WHAT IS REQUIRED:
All lines in the records below from the line with "Savaşlara son verilmesi, silah" through the line with "Стеллаж Остин 16.427" are to be given again exactly, both ends included; the pictures are to be left out.

DATA FOR THIS EXERCISE:
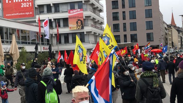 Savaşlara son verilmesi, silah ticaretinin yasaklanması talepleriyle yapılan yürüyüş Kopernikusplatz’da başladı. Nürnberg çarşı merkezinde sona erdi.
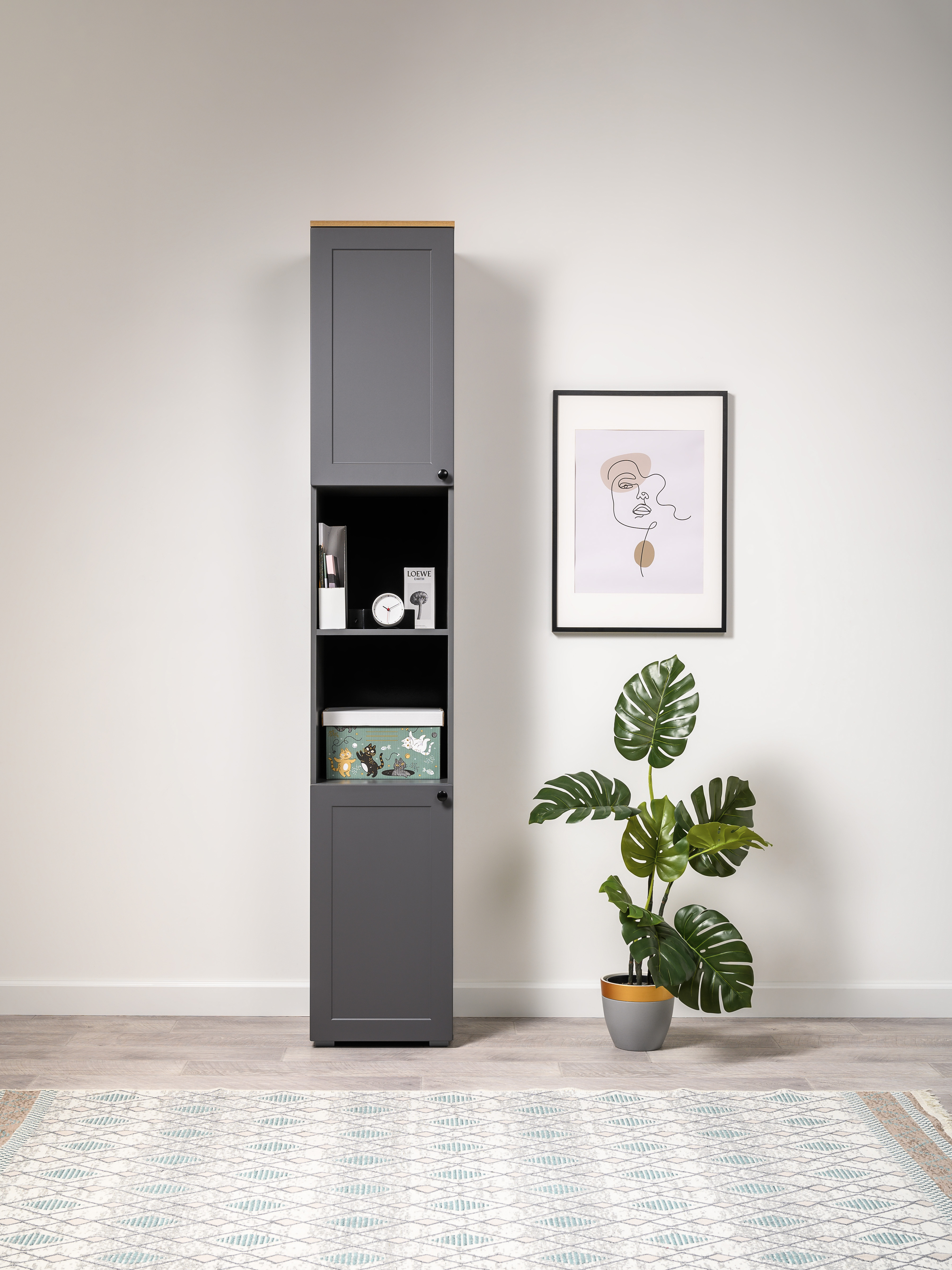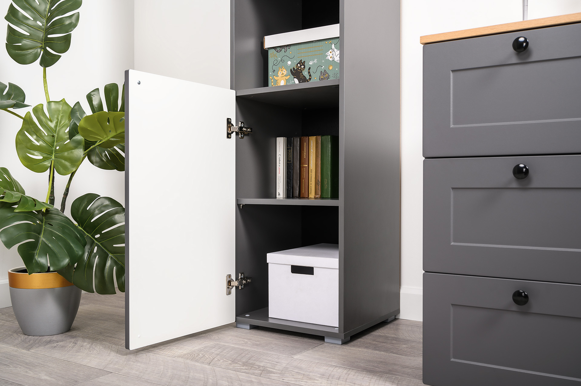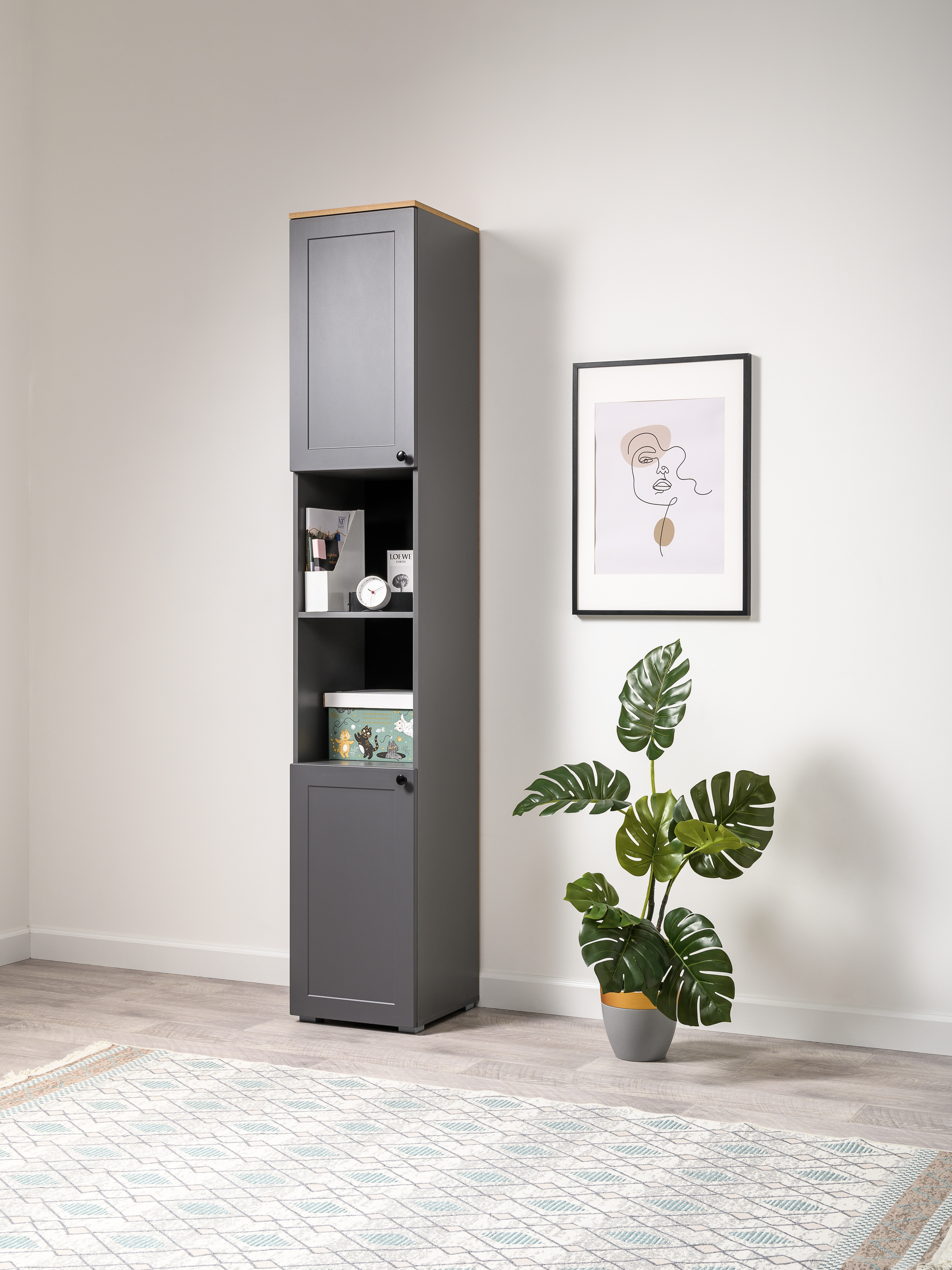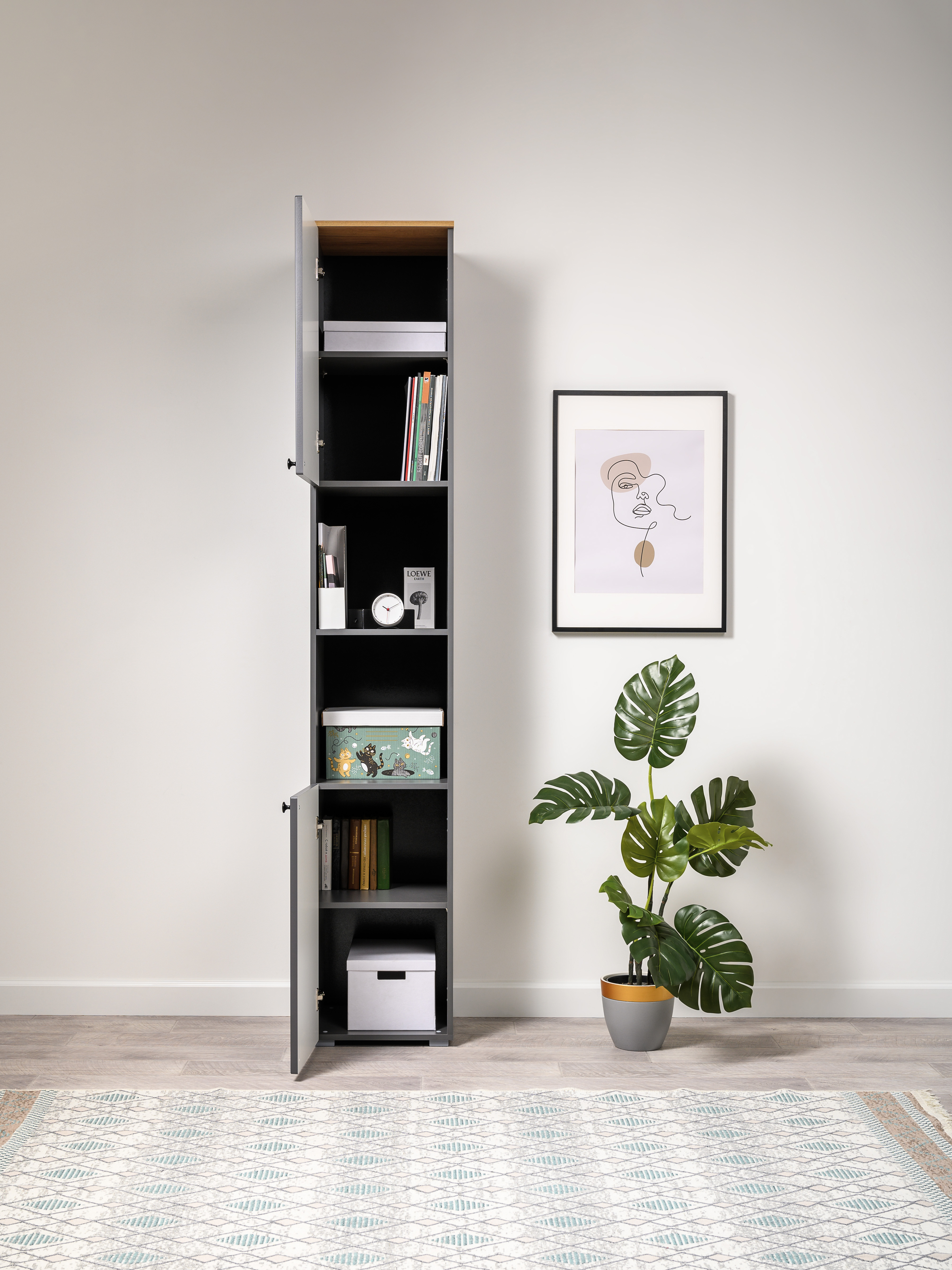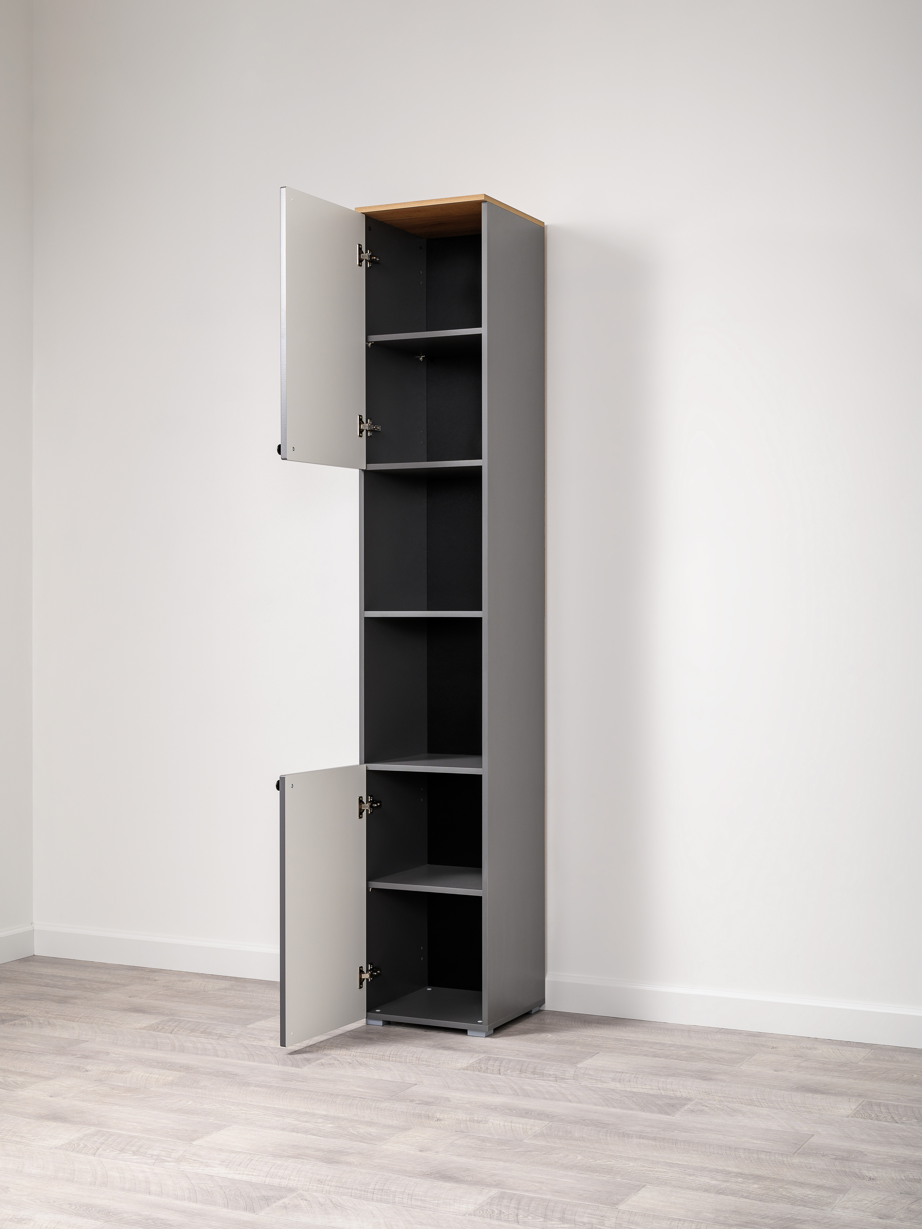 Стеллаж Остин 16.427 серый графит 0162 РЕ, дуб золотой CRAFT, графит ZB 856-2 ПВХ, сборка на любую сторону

* * *

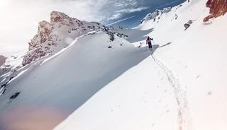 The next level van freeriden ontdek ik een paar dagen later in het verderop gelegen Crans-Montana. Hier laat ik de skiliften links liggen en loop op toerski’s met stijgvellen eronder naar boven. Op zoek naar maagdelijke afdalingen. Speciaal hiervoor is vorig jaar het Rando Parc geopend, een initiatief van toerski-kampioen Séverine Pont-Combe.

THE COMPLETED TASK:
 Savaşlara son verilmesi, silah ticaretinin yasaklanması talepleriyle yapılan yürüyüş Kopernikusplatz’da başladı. Nürnberg çarşı merkezinde sona erdi.
 Стеллаж Остин 16.427 серый графит 0162 РЕ, дуб золотой CRAFT, графит ZB 856-2 ПВХ, сборка на любую сторону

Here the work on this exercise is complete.